There is no RIGHT time for that kind of thing. I've been dating my guy for maybe a month now. He isn't officially my bf, but there is no one else I'm involved with. I had sex with him the second week of dating him, it sounds stupid and irresponsible, but it FELT right to do it at that moment. Do I wish we waited a little longer? Yes. But I would never take it back now, it was too amazing. I was worried that because he got into my pants so soon, he would maybe lose interest in our relationship and not want to hang out with me anymore. But it's going very smoothly and there's no doubt in my mind that he really wants me because he likes me. In fact, we completely refrained from talking about sex until after we actually had sex. Now we talk about how it was, what we liked, what we could do better. I love it because being able to talk about sex has made it even better. So don't automatically think he may be up to something, I was that way too. I didn't agree to go out with guys just because. But when he came around, I KNEW there was something about him. Follow your gut, your heart, all that stuff :) have fun, be safe. Hope this helped!
The good ones take a real interest in you, in your opinions, your activities, your friends and family, etc. They are not so focused just on the physical but relate to you all over as a real person, not some means to get their sexual needs met. Try going out with them for a while, several weeks, with no sexual stuff, and see what happens - are they still there for you or did they realize they're not going to get the quick sexual thrill they were only seeking?
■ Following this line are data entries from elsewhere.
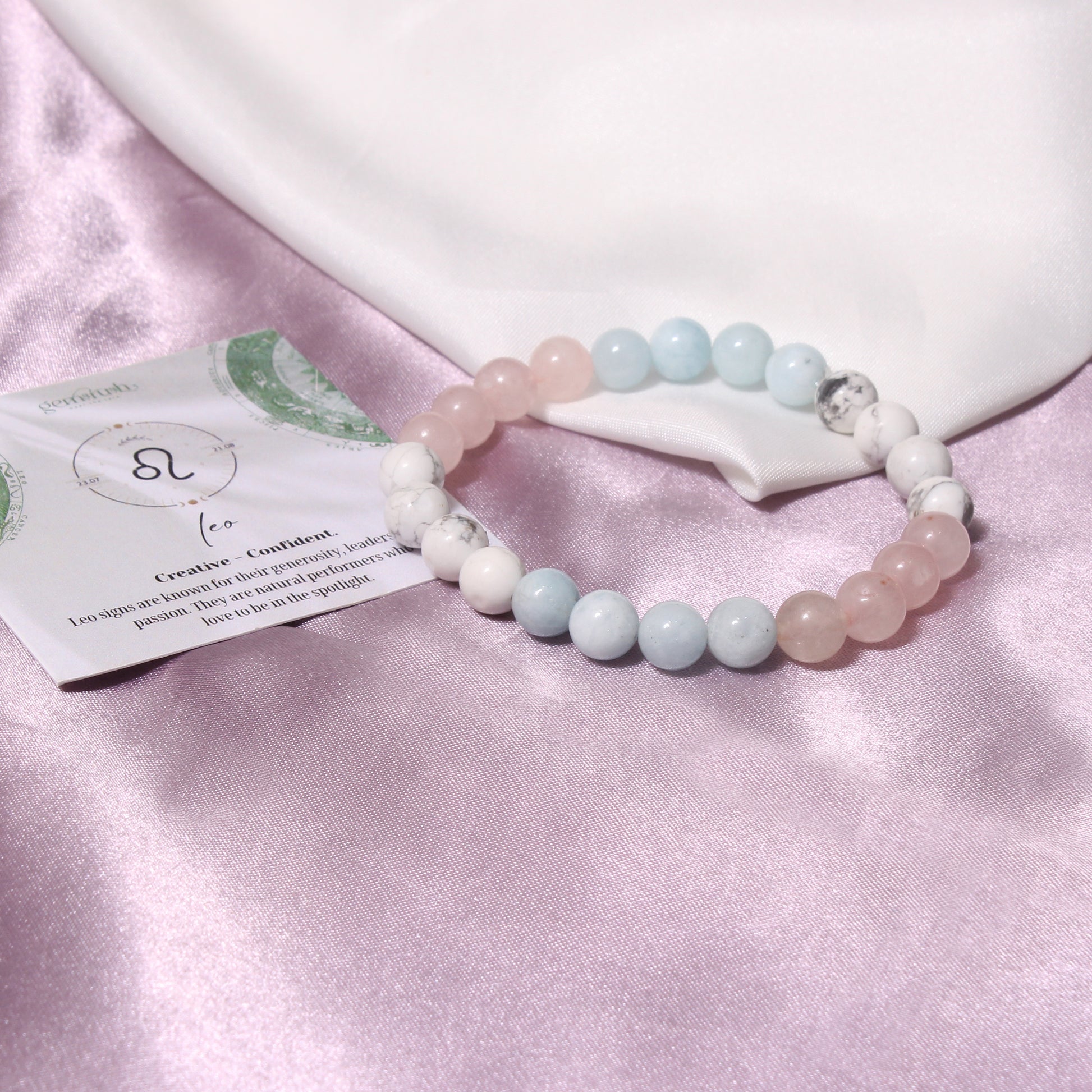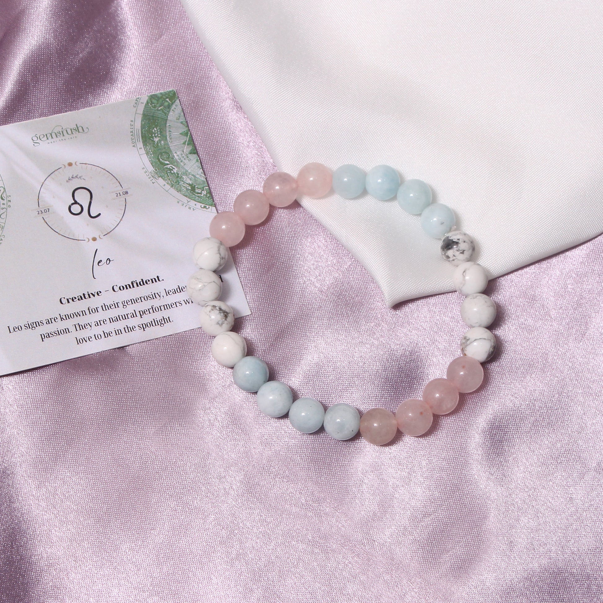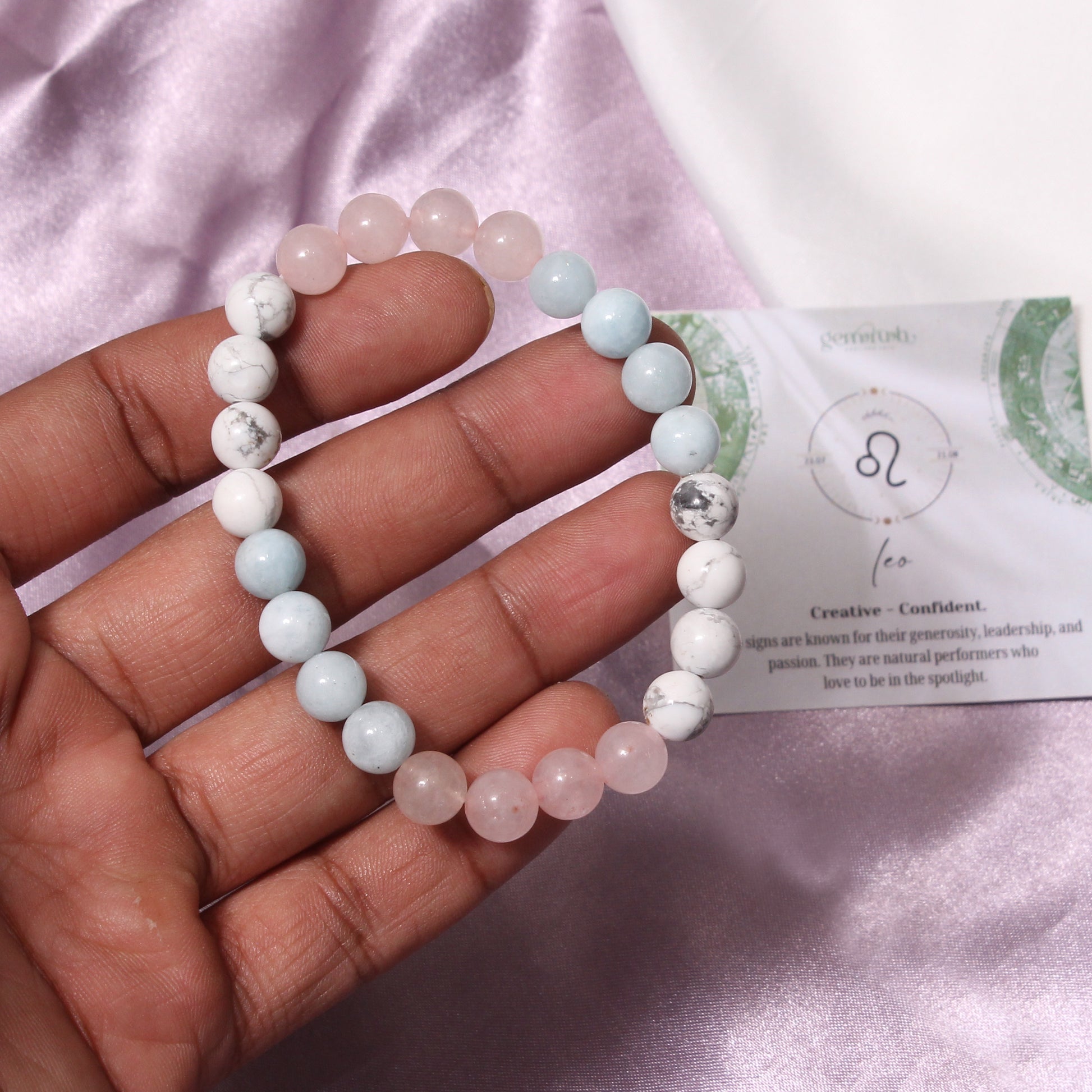 This Leo Zodiac Sign Bracelet is crafted with Rose Quartz, Aquamarine, and Howlite, perfectly attuned to the creative and confident nature of Leo (Simha Rashi). Rose Quartz promotes self-love and compassion, Aquamarine enhances communication and courage, while Howlite brings calmness and clarity. Designed to resonate with Leo's leadership and generosity, this bracelet is a stunning accessory for spiritual balance and empowerment. Perfect for those who shine in the spotlight and love to inspire others!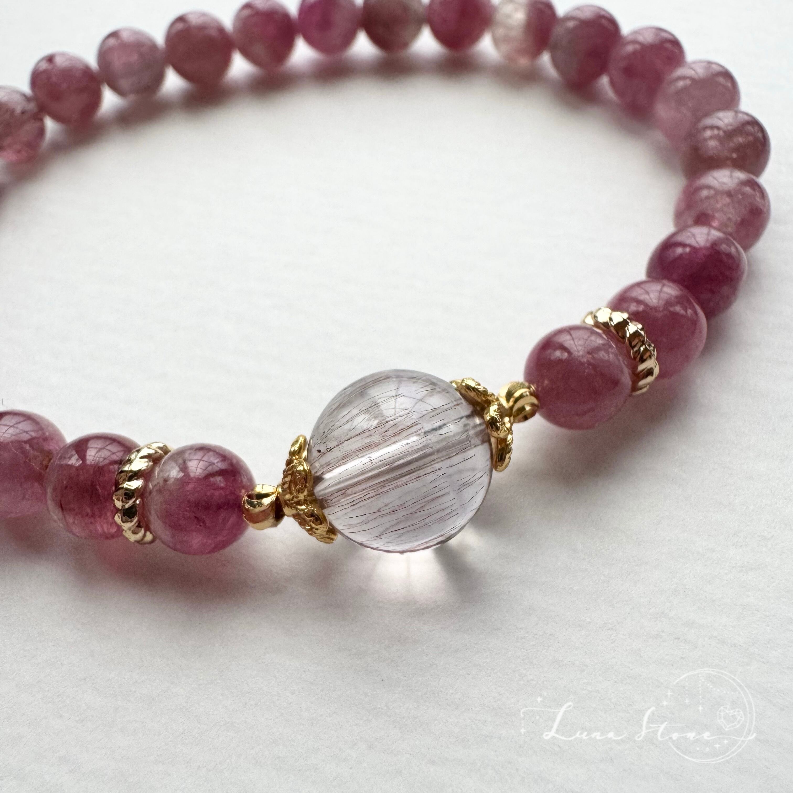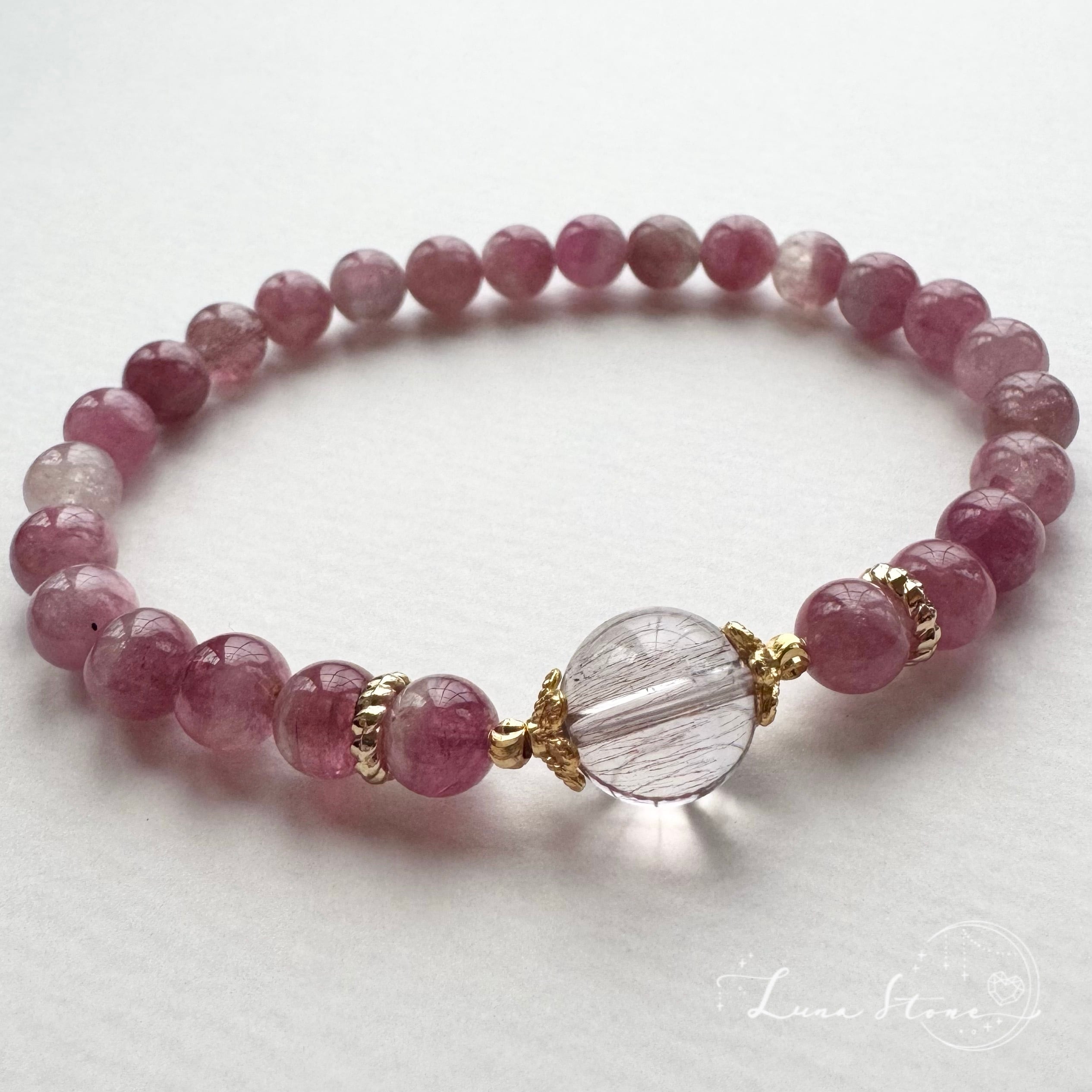 【ゲーサイトインクォーツ(スーパーセブン)×ピンクトルマリン】繊細な共鳴とやさしい彩り 天然石ブレスレット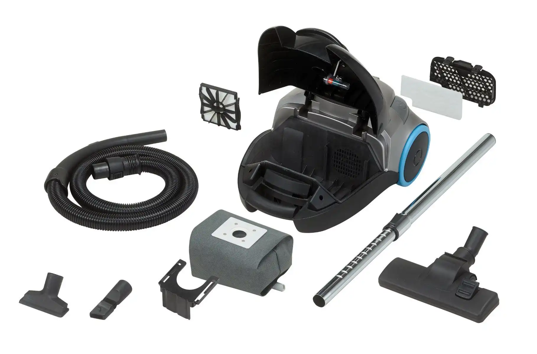 - Full dust bag indicator, Sturdy floor brush (For versatile cleaning), Attachments for narrow areas, upholstery, curtains and other fabrics, Reusable and washable dust bag

the good ones are interested in you and take an interest in the things you do and the ones who only want to get in your pants don't really care about you and seem to talk and have sex with you alot.
you tell the good guys by listening to their behavior.
for example, a guy who wants to get in your pants will _say_ with words that he wants a serious commitment, that he respects how you want to move slowly. but his _behavior_ will say that he's always pressuring you to get physical, to come back to his place, to prove that you care about him.
there are things you can do to test a guy's interest level. most female "tests" for guys actually backfire and make things worse because there's no real plan. here are two tests that actually filter guys based on the guy's _behavior_.
1. you go on scheduled DATES with him. you _insist_ on scheduled DATES with him. this means no "hanging out" and playing video game or watching DVDs. "hanging out" is often an excuse to get on the sofa next to you so he can make a move.
2. you plan one DATE and he plans the next. but the secret is that you can't tell each other what you're doing ahead of time, and you have to do a new activity, event or location on each DATE. this is a way to see what his hobbies are, and to see his behavior in different settings. this method proves that you're willing to put in some effort towards the relationship.
Well, if he actually does get in your pants, then I think we can say that that counts as proof positive.
I think you should be with them for a few months before you even think of doing anything physically. If they wait that long then they're a good guy, if they don't then its obvious they only wanted one thing.
Go on a date with them. It'll be pretty obvious if you get along. If you do, they like you.
It may be hard to tell so go SLOWLY. See if he hangs around & continues to be nice & treats you with respect.
There is no time frame on giving it up. Do it only when you are ready & feel comfortable.
There are also plenty of other things that you can do.